The conversation will be in English.
Program
4:30 PM: Brief introduction to the exhibition by curator Christian Skovbjerg Jensen and artist Danilo Correale
5:00 PM: Panel discussion with Erik Gandini, Helen Hester, and Danilo Correale – moderated by Christian Skovbjerg Jensen
6:30 PM: Thank you for today!
We will serve coffee and cake along the way
Practical information
Address
Strandvænget 45, 4000 Roskilde
FREE ADMISSION
Transportation From Roskilde Station
Bus: 207 towards Osted. (Bus stop in front of Føtex.) Get off at Vesthospitalet/Kurhuset.
Bicycle: Search for Strandvænget 45, 4000 Roskilde, in Google Maps (Centralmagasinet)
Car: Free parking.
Danilo Correale (b.1982, he/him) is an Italian artist living and working in New York. In his works, Correale critically approaches the conditions of living in our late-capitalist society. Correale’s extensive research and work with phenomena like sleep, free time, and work in the twenty-first century represent an inexhaustible source of new works and projects. Hence Correale’s artistic work is often influenced by, and adapted to, special invitations and site-specific spaces – as for example, Living Dead Time, where the work Free Time has been translated into Danish.
Photo: Giuseppe_CicalaD
Erik Gandini (b. 1967, he/him) is an Italian-Swedish film director, writer, producer and professor of documentary film at Stockholm University of the Arts. He has produced and directed a number of internationally acclaimed documentaries including The Swedish Theory of Love, Videocracy and his latest film After Work, where he traveled the world to investigate our different ideas about work.

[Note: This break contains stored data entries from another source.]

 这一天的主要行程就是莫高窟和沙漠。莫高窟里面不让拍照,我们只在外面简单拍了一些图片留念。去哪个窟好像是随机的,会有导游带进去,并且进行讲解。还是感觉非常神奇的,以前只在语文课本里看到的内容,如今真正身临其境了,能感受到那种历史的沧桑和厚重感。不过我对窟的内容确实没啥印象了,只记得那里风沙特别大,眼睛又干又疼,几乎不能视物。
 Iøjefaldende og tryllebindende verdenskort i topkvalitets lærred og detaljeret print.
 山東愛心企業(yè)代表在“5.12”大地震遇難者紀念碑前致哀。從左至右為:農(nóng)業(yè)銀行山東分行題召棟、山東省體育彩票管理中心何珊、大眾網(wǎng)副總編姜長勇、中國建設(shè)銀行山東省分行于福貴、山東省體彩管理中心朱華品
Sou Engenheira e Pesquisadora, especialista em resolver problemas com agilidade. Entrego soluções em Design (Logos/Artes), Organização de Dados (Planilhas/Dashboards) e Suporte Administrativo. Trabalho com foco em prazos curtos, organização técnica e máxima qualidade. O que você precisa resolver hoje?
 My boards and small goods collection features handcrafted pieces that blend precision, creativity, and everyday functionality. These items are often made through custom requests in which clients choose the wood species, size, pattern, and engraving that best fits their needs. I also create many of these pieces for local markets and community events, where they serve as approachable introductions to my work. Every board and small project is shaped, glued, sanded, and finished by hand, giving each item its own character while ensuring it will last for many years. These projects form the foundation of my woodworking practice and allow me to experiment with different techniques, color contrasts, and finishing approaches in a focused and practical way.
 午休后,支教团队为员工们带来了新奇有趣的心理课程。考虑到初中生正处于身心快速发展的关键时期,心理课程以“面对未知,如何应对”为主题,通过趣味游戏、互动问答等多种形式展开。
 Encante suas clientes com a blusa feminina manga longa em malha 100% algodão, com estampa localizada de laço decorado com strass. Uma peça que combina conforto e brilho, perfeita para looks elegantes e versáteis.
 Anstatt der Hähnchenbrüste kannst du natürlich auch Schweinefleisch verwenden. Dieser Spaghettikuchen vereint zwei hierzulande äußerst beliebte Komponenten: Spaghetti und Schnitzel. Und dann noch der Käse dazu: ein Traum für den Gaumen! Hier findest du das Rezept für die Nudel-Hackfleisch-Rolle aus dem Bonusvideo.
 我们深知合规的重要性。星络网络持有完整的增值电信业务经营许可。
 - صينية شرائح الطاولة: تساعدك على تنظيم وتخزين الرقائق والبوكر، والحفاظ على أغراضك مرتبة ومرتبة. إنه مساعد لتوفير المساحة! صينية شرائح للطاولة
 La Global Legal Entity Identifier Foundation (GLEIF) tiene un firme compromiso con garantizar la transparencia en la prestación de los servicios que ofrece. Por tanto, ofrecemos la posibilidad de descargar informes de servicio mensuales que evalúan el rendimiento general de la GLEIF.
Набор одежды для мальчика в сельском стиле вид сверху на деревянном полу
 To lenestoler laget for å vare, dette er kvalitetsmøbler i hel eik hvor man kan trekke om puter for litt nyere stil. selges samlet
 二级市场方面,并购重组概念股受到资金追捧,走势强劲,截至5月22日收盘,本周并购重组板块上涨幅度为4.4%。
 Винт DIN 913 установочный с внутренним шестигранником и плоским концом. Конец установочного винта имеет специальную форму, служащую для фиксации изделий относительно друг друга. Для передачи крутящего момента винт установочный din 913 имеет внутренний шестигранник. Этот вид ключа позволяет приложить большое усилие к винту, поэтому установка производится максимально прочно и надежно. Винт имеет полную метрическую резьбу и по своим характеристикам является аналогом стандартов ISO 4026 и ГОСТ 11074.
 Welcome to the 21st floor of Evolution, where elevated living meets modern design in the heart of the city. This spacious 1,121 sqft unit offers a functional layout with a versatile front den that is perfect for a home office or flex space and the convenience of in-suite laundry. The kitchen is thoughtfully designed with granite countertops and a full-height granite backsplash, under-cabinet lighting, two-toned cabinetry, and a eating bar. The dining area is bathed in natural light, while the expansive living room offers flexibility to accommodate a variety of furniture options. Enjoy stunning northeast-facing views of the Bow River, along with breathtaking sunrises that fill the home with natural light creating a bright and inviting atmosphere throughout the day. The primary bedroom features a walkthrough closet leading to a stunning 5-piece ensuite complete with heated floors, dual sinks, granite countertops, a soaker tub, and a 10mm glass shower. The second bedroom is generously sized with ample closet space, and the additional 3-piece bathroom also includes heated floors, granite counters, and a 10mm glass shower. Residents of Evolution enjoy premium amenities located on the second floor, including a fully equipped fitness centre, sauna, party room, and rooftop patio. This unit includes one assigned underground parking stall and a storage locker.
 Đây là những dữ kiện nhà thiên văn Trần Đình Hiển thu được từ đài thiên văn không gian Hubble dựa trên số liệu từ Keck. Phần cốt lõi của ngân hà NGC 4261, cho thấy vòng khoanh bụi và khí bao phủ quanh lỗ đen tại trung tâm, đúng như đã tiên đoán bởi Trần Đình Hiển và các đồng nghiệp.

Helen Hester (b. 1983, she/her) is Professor of Gender, Technology and Cultural Politics at the University of West London. Her research interests include technofeminism, sexuality studies, and theories of social reproduction. Her recent publications include: After Work: A History of the Home and the Fight for Free Time (with Nick Srnicek, Verso, 2023), Xenofeminism (Polity, 2018) and Beyond Explicit: Pornography and the Displacement of Sex (SUNY Press, 2014). Her latest book, Post-Work: What it is, why it matters, and how we get there (with Will Stronge) will be out with Bloomsbury later this year.